SÃO PAULO POWER PLANTS
The Capivara Power Plant is the largest in the Paranapanema River, and began operations on March 10, 1977. Located between Taciba (SP) and Porecatu (PR), it has the largest water reservoir along the river, with more than 609 km² of area and 10.5 billion m³ of dams, which contributes to the control of flooding in the region.
Located in Rio Paraná, the Ilha Solteira Plant was inaugurated on January 10, 1974. It is the largest plant in the state and has an installed capacity of 3,444 thousand MW. It represents a major milestone in the history of hydroelectric plants in the country, because it is a project of gigantic proportions and the use of new construction techniques.
Três Irmãos is the largest dam on the Tietê River. Located between Andradina (SP) and Pereira Barreto (SP), it was inaugurated in 1991. It has two locks that enable navigation between the Paranapaíba, Paraná and Tietê rivers, in addition to assisting in the control of floods, both the Tietê Waterway and the Paraná Waterway.
Porto Primavera has the most extensive dam in Brazil, with more than 10 thousand meters in length, and is located in the Paraná River, in the municipality of Rosana (SP), formed by the confluence of the Paranaíba and Grande rivers.

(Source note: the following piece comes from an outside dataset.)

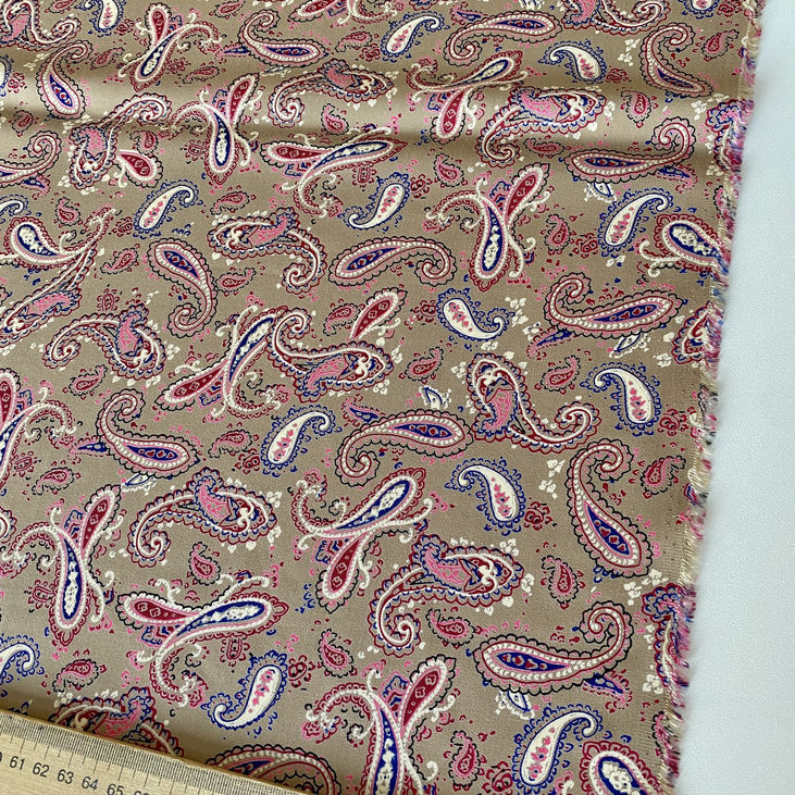 Віскоза твіл з принтом «турецькі огірки» на темно-бежевому фоні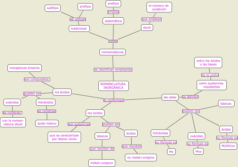 Este Cmap, tiene información relacionada con: LEIDY FERNANDA GARCÌA (DÈCIMO B), los òxidos son sustancias que se caracterìzan por liberar iones, àcidos que resultan no metal+oxìgeno, las sales pueden ser oxàcidas, bàsicos que resultan de metal+oxìgeno, tradicional se utilizan prefijos, hidràcidos se nombran àcido hìdrico, las sales se definen como sustancias resultantes, NOMENCLATURA INORGÁNICA lo conforman los òxidos, como sustancias resultantes de la uniòn entre los ácidos y las bases, los àcidos son compuestos inorgànicos binarios, nomenclaturas como tradicional, los àcidos pueden ser hidràcidos, los àcidos pueden ser exàcidos, NOMENCLATURA INORGÁNICA se identifican empleando nomenclaturas, nomenclaturas como stock, oxàcidas su fòrmula es Mxo, los òxidos pueden ser àcidos, las sales pueden ser àcidas, stock que emplean el nùmero de oxidaciòn, hidràcidas su fòrmula es Mx

The works for the plant construction began in 1980, being paralyzed in 1983, due to the economic recession, and resumed in 1992. The first stage of the installation of Porto Primavera was completed in 1999, when the first three generating units were connected, 19 years after the beginning of its works.
THE ENVIRONMENTAL ISSUE
Hydroelectric power plants generate energy in a clean way and at low cost, compared to other sources, for having as main raw material the water of the rivers. Among other advantages are the use of its structures for different purposes, such as irrigation, flood control and navigation.
However, its construction also causes negative environmental and social impacts, such as deforestation, disappearance of animal species, change in the river regime, and demographic changes in the territory. We have to bear in mind that, in Brazil, the first environmental law is from 1981 and that these issues were not debated by society until then.
CHANGES IN THE HOME ENVIRONMENT
From the 1940s, some transformations became noticeable within the homes of the Brazilian elite: the rationalization of internal spaces, with new plants that restricted the social sector of the house, limited to a room connected directly to the kitchen or a winter garden, in addition to the use of new household appliances, in general imported.
Generally speaking, In the 1950s there was the progressive replacement of fresh food with packaged and industrialized food; home-made clothes were replaced by ready-made clothes; and the use of electric showers and gas heaters became popular. The spread of the use of electric lighting and various appliances happened in such a way that many of them became increasingly essential.
POPULARIZATION OF HOUSEHOLD APPLIANCES
Thus, from the 1950s onwards, household appliances entered Brazilian homes for good, although by the upper and middle classes. The increase in consumption was made possible by the start of domestic production, which made prices cheaper, and by the expansion of credit in the 1960s.
The new consumer market was driven by companies that sold energy and by manufacturers of major household appliances. At the beginning of their popularization, advertising focused on the benefits of appliances in the domestic routine.
The advertising campaigns, which publicized the advantages of the new appliances, reinforced the stereotype of the domestic space as the sphere of women’s work par excellence. This illustrated woman, with white hands, delicate fingers and preserved skin, demonstrated the racial and social targeting of the advertisements: white women, housewives, mothers and those with greater purchasing power.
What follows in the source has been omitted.